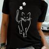 T-shirt Décontracté Grande Taille, T-shirt à Manches Courtes et Col Rond avec Imprimé Chat Mignon et Patte pour Femmes, T-shirt Unisexe à Extensibilité Moyenne
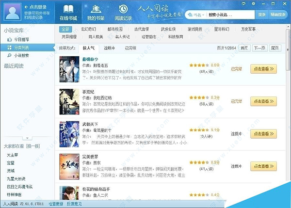 3、今日推荐页面添加周榜、月榜、搜索榜、点击排行榜,为人人书友推荐更多经典小说。
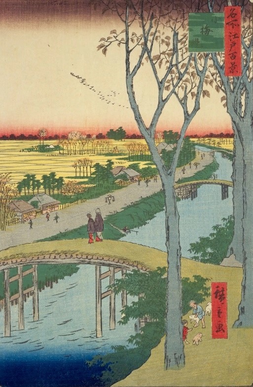 | 上の参考図は江戸切絵図と同時期に販売された広重画『名所江戸百景』から4景を拾いました 『名所江戸百景』安政3~5年 国会図書館蔵 錦絵デジタルコレクションNDLサーチより転載 参考解説 『広重名所江戸百景』ヘンリー・スミス著 生活史研究所監訳 岩波書店 1992 | ||||
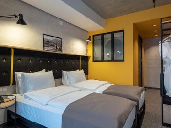 Это не 4*, а максимум 2. Все началось с заезда, нас никто не встречал на ресепшене. Шла уборщица, с которой мы поздоровались, но получили в ответ только презрительный взгляд. Она даже не позвала администратора, а просто продолжила заниматься своими делами. Пришлось подождать пока подойдет администратор. Администратор не знал кто мы, информации по заселению у него не было, он начал выяснять. Нашли бронь. После нас заселили в номер на 2 этаже. В номере нет сейфа, нет мини-бара. 2 бутылки воды были, но это всего лишь Welcome drink, как оказалось. Больше воду они не предоставляют бесплатно. Полотенец было 5 штук на двоих, хотя должно быть по 4 на каждого. И в отеле нет лифта, а завтрак на верхнем этаже. Все это говорит о том, что отель не 4*, и не может им быть. Завтраки очень скудные, выбора нет совсем, кофе растворимый.
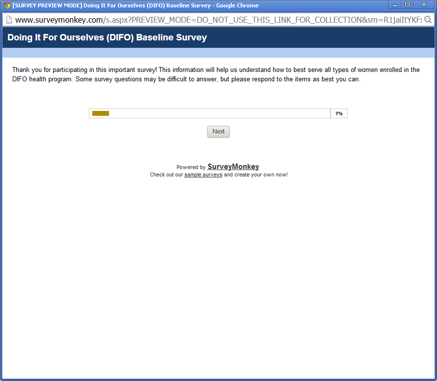 Baseline Survey (DIFO) SurveyMonkey Screenshots 8/26/2013
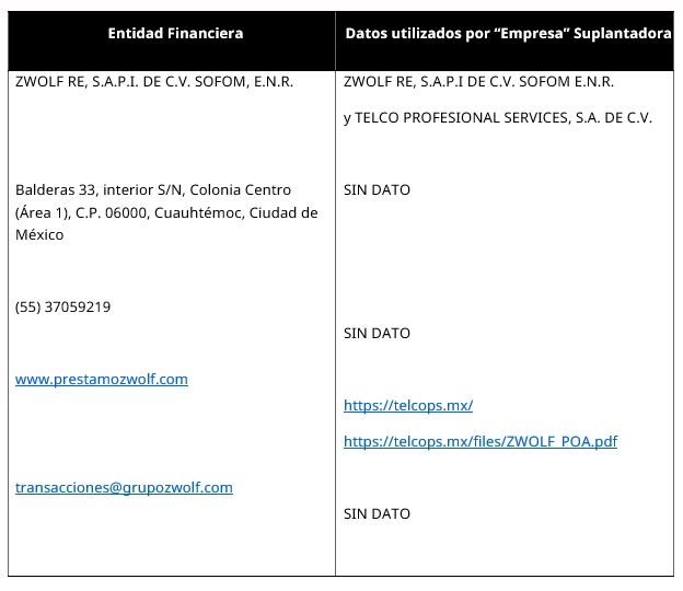 - ZWOLF RE, S.A.P.I. DE C.V. SOFOM, E.N.R.

YOUR GOAL:
Each entry above should be copied word for word, with the images omitted.

OUTPUT OF THE EXERCISE:
 T-shirt Décontracté Grande Taille, T-shirt à Manches Courtes et Col Rond avec Imprimé Chat Mignon et Patte pour Femmes, T-shirt Unisexe à Extensibilité Moyenne
 3、今日推荐页面添加周榜、月榜、搜索榜、点击排行榜,为人人书友推荐更多经典小说。
 | 上の参考図は江戸切絵図と同時期に販売された広重画『名所江戸百景』から4景を拾いました 『名所江戸百景』安政3~5年 国会図書館蔵 錦絵デジタルコレクションNDLサーチより転載 参考解説 『広重名所江戸百景』ヘンリー・スミス著 生活史研究所監訳 岩波書店 1992 | ||||
 Это не 4*, а максимум 2. Все началось с заезда, нас никто не встречал на ресепшене. Шла уборщица, с которой мы поздоровались, но получили в ответ только презрительный взгляд. Она даже не позвала администратора, а просто продолжила заниматься своими делами. Пришлось подождать пока подойдет администратор. Администратор не знал кто мы, информации по заселению у него не было, он начал выяснять. Нашли бронь. После нас заселили в номер на 2 этаже. В номере нет сейфа, нет мини-бара. 2 бутылки воды были, но это всего лишь Welcome drink, как оказалось. Больше воду они не предоставляют бесплатно. Полотенец было 5 штук на двоих, хотя должно быть по 4 на каждого. И в отеле нет лифта, а завтрак на верхнем этаже. Все это говорит о том, что отель не 4*, и не может им быть. Завтраки очень скудные, выбора нет совсем, кофе растворимый.
 Baseline Survey (DIFO) SurveyMonkey Screenshots 8/26/2013
 - ZWOLF RE, S.A.P.I. DE C.V. SOFOM, E.N.R.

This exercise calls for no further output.